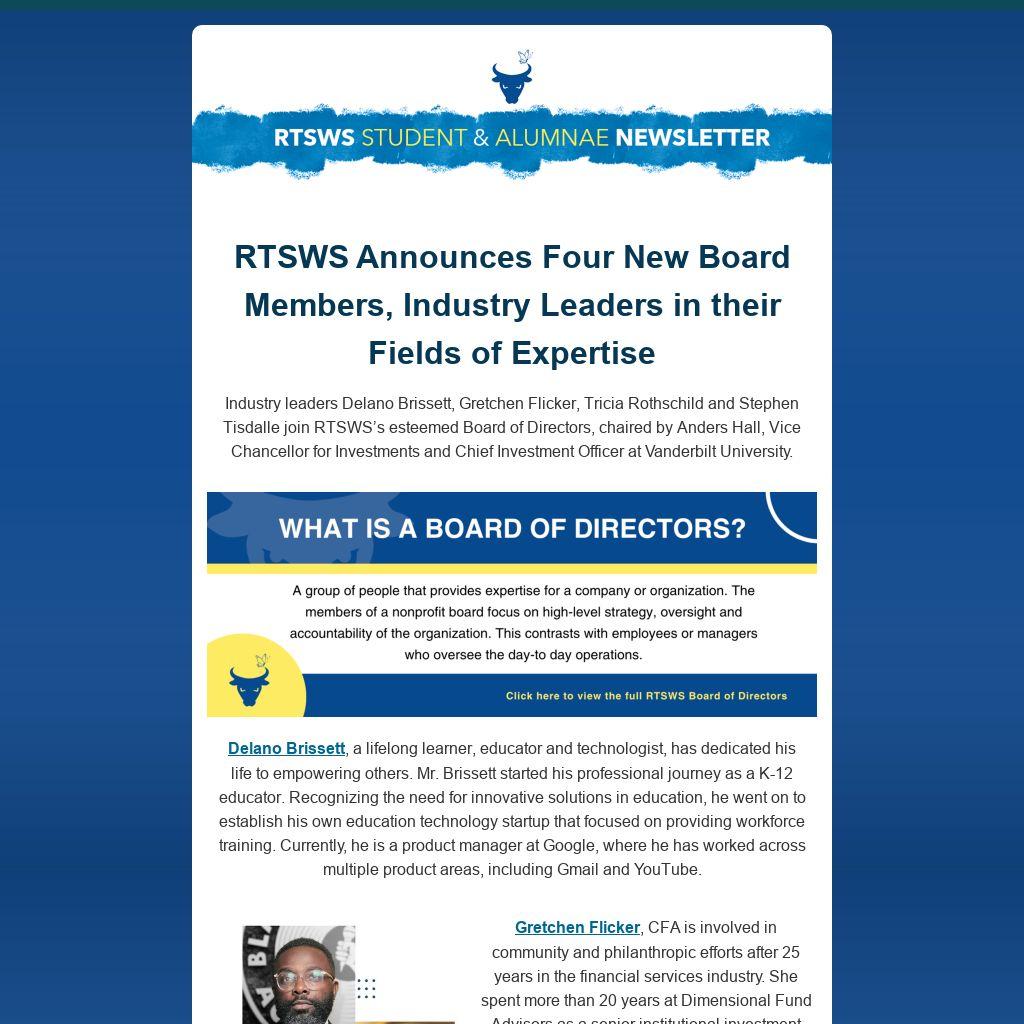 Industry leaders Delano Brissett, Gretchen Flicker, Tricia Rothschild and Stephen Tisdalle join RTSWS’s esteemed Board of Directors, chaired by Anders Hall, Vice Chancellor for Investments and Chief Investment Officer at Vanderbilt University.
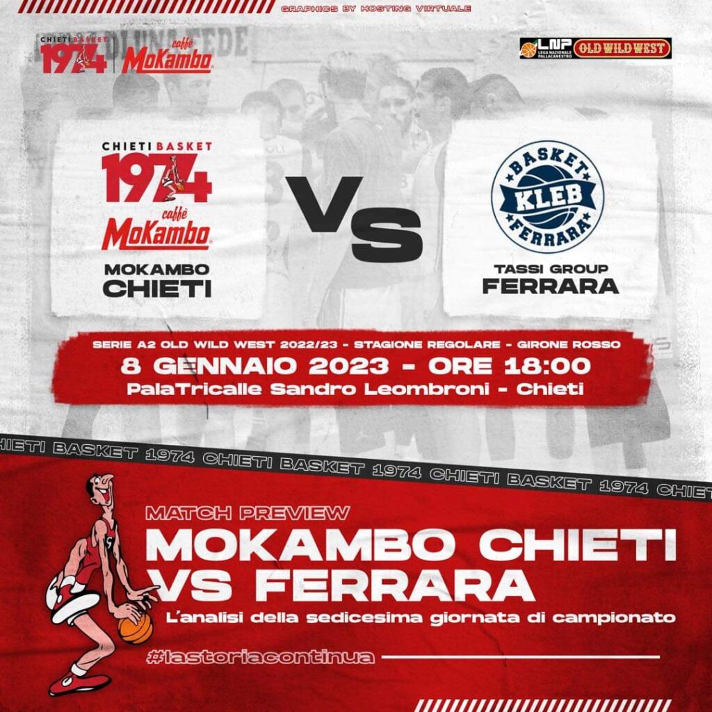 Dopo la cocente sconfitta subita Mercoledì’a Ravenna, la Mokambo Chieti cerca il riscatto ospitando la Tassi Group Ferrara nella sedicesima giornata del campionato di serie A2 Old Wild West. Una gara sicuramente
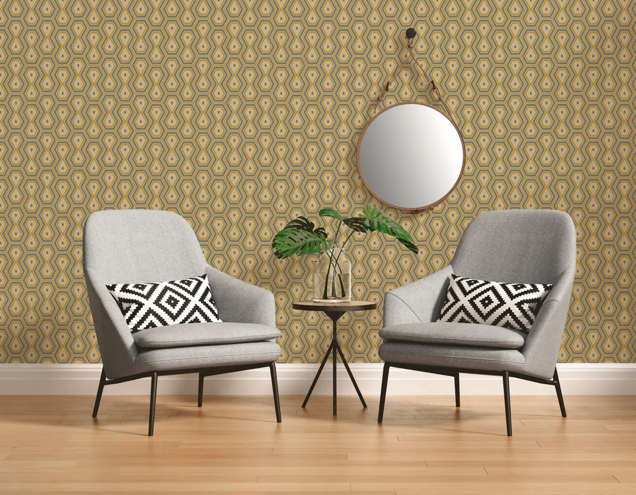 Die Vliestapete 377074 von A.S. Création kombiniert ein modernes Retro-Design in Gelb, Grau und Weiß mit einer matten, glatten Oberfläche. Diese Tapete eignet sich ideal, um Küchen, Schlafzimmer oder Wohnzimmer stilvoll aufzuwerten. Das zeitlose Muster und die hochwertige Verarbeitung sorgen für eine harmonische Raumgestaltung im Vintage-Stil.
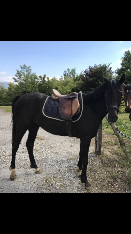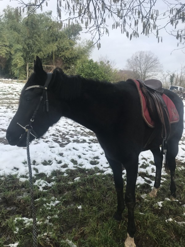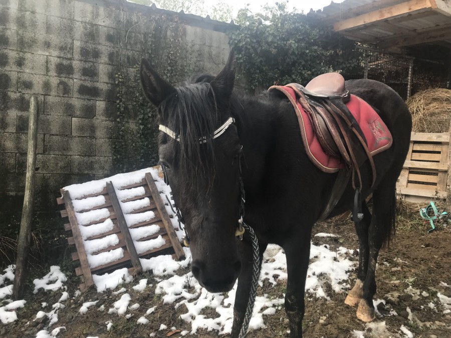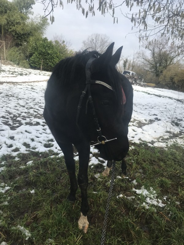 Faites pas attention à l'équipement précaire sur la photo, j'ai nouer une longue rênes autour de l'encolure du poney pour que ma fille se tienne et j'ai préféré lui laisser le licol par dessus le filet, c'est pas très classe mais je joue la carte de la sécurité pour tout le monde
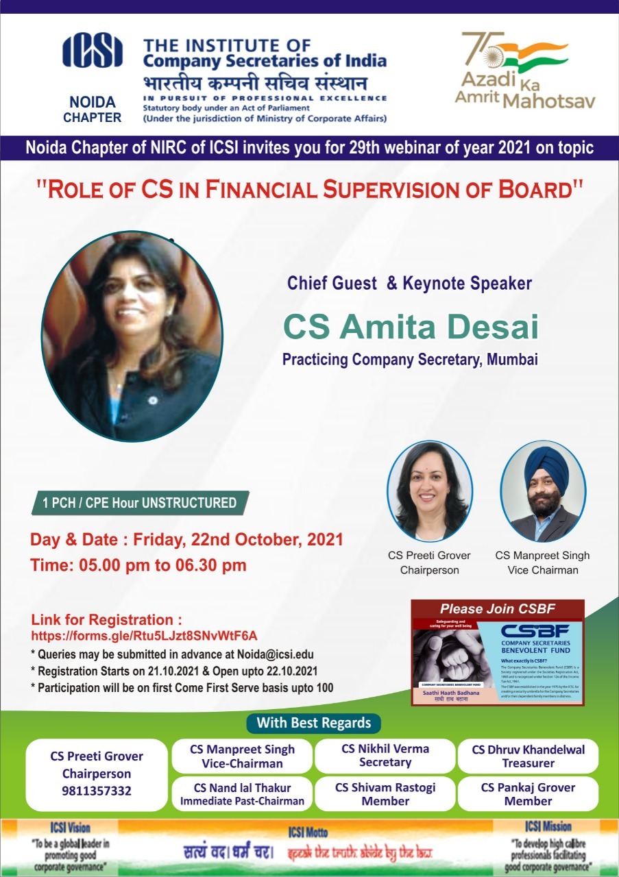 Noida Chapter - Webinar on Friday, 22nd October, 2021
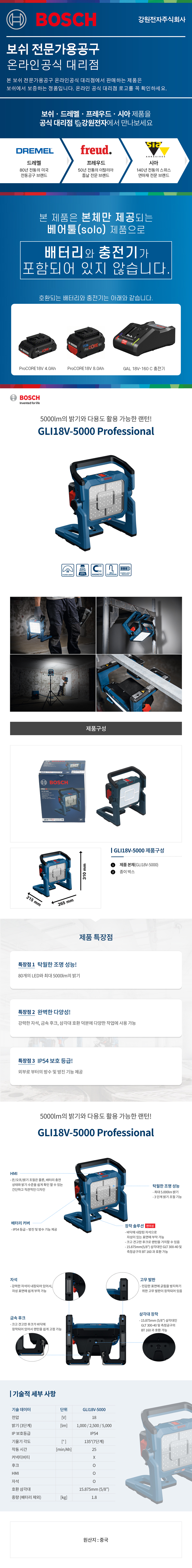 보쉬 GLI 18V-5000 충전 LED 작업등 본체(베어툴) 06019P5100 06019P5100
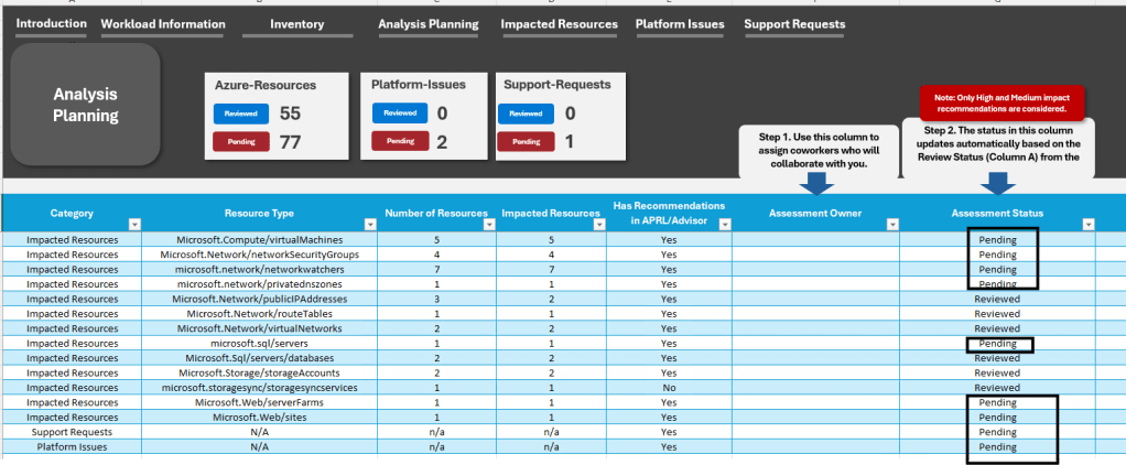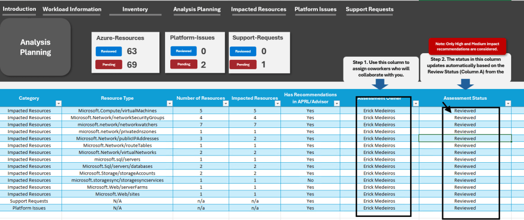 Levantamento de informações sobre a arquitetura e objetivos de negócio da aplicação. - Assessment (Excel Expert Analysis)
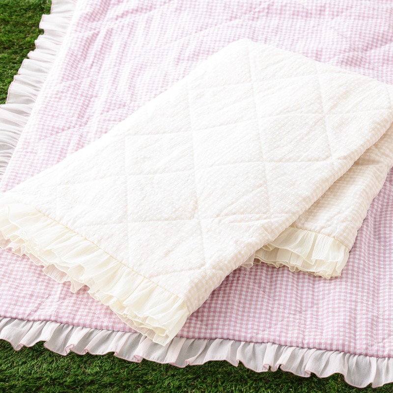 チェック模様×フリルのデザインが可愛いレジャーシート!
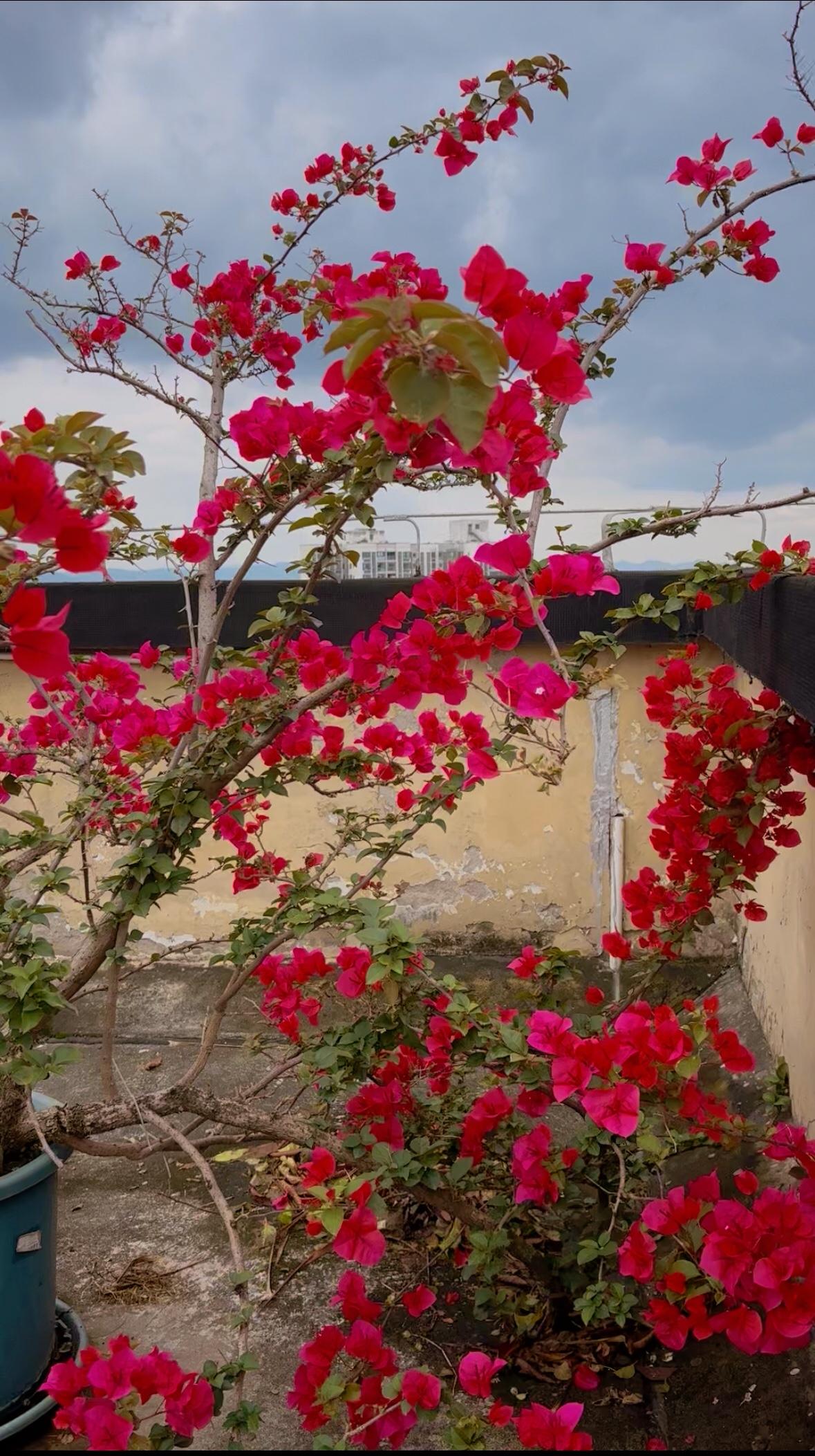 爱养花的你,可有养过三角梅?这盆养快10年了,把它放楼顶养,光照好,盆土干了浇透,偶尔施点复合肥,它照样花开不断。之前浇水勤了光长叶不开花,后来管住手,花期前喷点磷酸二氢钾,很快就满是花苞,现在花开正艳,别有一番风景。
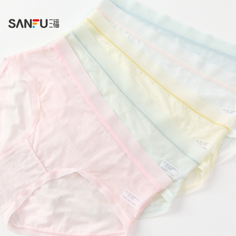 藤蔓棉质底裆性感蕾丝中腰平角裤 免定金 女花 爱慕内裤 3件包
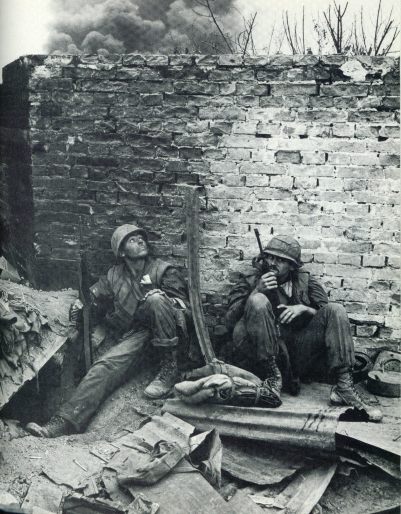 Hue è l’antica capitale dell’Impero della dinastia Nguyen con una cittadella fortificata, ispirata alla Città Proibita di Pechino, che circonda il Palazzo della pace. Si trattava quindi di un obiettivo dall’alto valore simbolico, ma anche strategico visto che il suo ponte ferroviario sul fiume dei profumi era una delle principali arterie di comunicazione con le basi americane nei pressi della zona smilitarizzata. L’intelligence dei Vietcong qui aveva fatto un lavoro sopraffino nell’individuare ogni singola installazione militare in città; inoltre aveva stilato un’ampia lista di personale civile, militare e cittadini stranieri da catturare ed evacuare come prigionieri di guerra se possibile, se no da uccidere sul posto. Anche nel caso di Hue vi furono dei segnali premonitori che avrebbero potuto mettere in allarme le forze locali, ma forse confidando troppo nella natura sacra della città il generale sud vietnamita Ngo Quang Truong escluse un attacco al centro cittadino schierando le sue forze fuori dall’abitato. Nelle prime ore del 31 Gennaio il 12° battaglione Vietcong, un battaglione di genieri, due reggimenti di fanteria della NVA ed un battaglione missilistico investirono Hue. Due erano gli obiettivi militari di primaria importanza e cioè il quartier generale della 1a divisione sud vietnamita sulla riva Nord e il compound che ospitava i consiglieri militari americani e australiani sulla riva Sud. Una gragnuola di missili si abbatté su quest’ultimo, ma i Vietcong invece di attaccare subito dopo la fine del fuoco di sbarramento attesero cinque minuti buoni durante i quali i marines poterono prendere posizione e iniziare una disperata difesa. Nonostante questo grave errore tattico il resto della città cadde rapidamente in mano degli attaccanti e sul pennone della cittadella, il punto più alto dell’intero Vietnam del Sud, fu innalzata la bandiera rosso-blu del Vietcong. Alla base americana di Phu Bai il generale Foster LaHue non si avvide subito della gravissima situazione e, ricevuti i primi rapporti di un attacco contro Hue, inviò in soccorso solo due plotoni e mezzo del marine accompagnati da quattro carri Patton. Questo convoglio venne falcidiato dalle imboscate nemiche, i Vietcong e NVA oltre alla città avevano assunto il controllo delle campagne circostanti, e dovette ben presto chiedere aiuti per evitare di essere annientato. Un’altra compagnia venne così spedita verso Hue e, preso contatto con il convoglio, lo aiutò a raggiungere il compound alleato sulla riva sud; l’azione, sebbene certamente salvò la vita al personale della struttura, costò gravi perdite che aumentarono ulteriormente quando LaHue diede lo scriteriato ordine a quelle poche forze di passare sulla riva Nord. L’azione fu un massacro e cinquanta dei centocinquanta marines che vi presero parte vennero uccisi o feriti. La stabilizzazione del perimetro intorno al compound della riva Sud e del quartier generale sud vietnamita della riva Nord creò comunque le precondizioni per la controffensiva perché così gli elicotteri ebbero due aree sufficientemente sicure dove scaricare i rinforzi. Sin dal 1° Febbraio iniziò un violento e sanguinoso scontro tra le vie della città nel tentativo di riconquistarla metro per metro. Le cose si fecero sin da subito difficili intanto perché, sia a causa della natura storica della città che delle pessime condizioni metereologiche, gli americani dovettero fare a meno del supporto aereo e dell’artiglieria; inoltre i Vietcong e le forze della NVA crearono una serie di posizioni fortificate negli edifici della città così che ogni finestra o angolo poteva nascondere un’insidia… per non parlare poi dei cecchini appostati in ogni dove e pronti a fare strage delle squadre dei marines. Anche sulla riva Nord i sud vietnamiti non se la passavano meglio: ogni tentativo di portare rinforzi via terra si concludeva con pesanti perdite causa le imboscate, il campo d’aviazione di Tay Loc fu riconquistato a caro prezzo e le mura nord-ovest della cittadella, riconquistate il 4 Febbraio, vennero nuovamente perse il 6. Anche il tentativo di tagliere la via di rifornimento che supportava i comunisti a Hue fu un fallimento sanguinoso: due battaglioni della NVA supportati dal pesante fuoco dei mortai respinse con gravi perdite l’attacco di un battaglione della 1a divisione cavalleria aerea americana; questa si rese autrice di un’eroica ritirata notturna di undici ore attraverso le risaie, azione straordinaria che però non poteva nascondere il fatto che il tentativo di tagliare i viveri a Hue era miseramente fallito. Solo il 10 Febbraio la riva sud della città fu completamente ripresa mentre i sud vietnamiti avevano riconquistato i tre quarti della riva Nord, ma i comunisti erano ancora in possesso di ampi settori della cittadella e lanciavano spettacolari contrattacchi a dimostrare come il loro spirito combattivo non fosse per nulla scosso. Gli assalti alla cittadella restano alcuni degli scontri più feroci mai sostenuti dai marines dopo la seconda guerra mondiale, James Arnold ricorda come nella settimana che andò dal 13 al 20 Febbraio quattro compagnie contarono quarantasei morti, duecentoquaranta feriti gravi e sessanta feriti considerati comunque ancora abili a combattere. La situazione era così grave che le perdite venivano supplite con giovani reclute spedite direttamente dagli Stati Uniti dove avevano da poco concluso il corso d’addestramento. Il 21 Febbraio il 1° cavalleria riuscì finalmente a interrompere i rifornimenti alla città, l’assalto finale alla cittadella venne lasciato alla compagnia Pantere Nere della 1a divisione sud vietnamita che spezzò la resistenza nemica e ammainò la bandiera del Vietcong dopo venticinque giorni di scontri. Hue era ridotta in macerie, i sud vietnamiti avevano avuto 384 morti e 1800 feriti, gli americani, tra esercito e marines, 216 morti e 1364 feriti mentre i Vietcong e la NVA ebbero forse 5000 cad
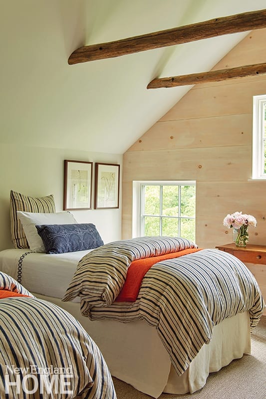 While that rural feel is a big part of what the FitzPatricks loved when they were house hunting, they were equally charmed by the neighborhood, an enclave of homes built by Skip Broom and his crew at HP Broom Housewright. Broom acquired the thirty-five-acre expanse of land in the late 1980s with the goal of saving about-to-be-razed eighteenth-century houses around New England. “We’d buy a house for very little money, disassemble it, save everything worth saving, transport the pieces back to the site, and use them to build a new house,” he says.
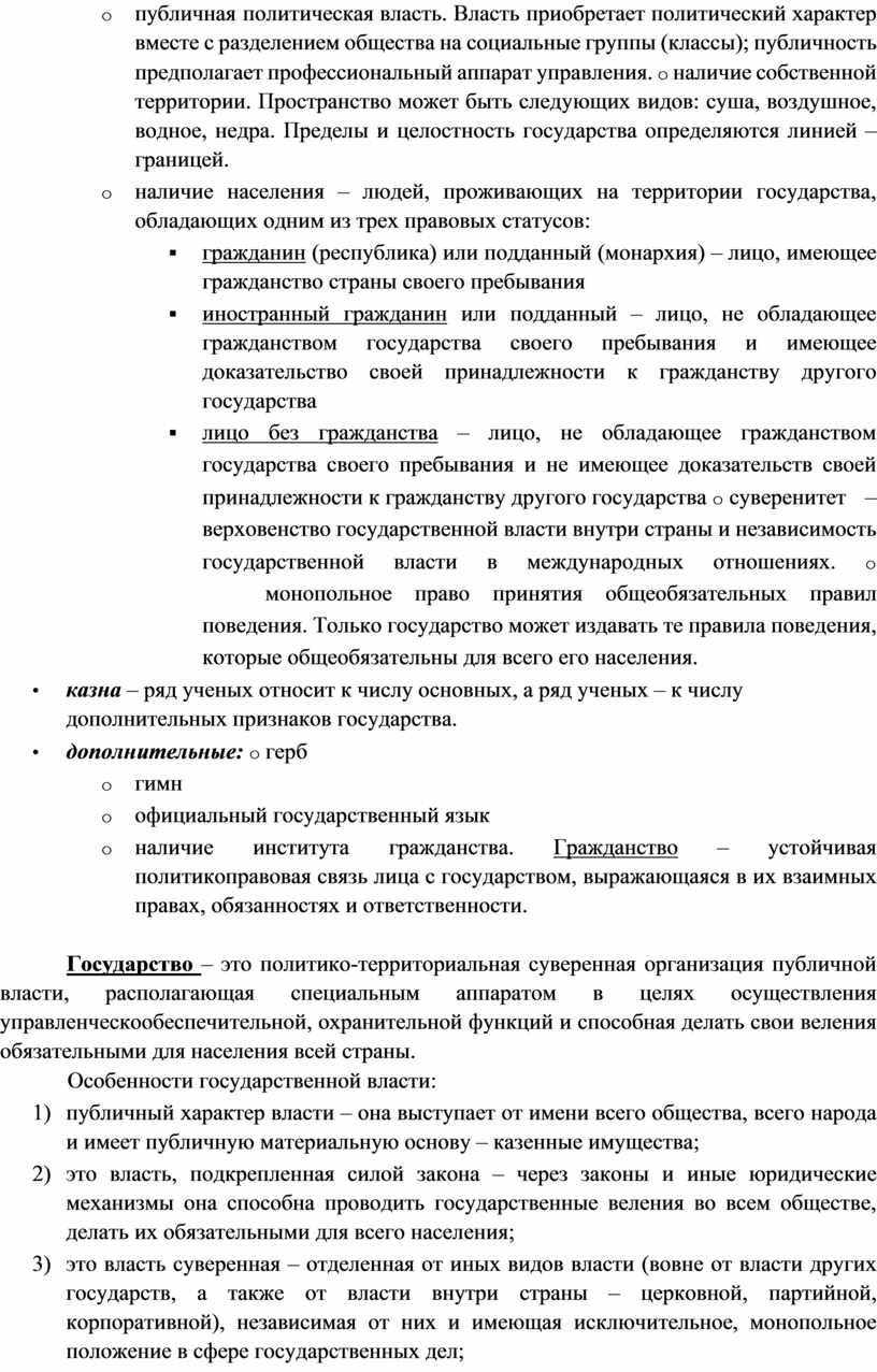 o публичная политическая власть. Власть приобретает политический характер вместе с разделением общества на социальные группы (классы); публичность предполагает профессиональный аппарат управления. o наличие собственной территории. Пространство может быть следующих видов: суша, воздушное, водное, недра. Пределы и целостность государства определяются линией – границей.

§ §

● **Exercise objective**:
Look above for the line with "チェック模様×フリルのデザインが可愛いレジャーシート!" and the line with "藤蔓棉质底裆性感蕾丝中腰平角裤 免定金 女花 爱慕内裤 3件包", then restate exactly those two lines and all lines between them, with no pictures.

● **Task output**:
 チェック模様×フリルのデザインが可愛いレジャーシート!
 爱养花的你,可有养过三角梅?这盆养快10年了,把它放楼顶养,光照好,盆土干了浇透,偶尔施点复合肥,它照样花开不断。之前浇水勤了光长叶不开花,后来管住手,花期前喷点磷酸二氢钾,很快就满是花苞,现在花开正艳,别有一番风景。
 藤蔓棉质底裆性感蕾丝中腰平角裤 免定金 女花 爱慕内裤 3件包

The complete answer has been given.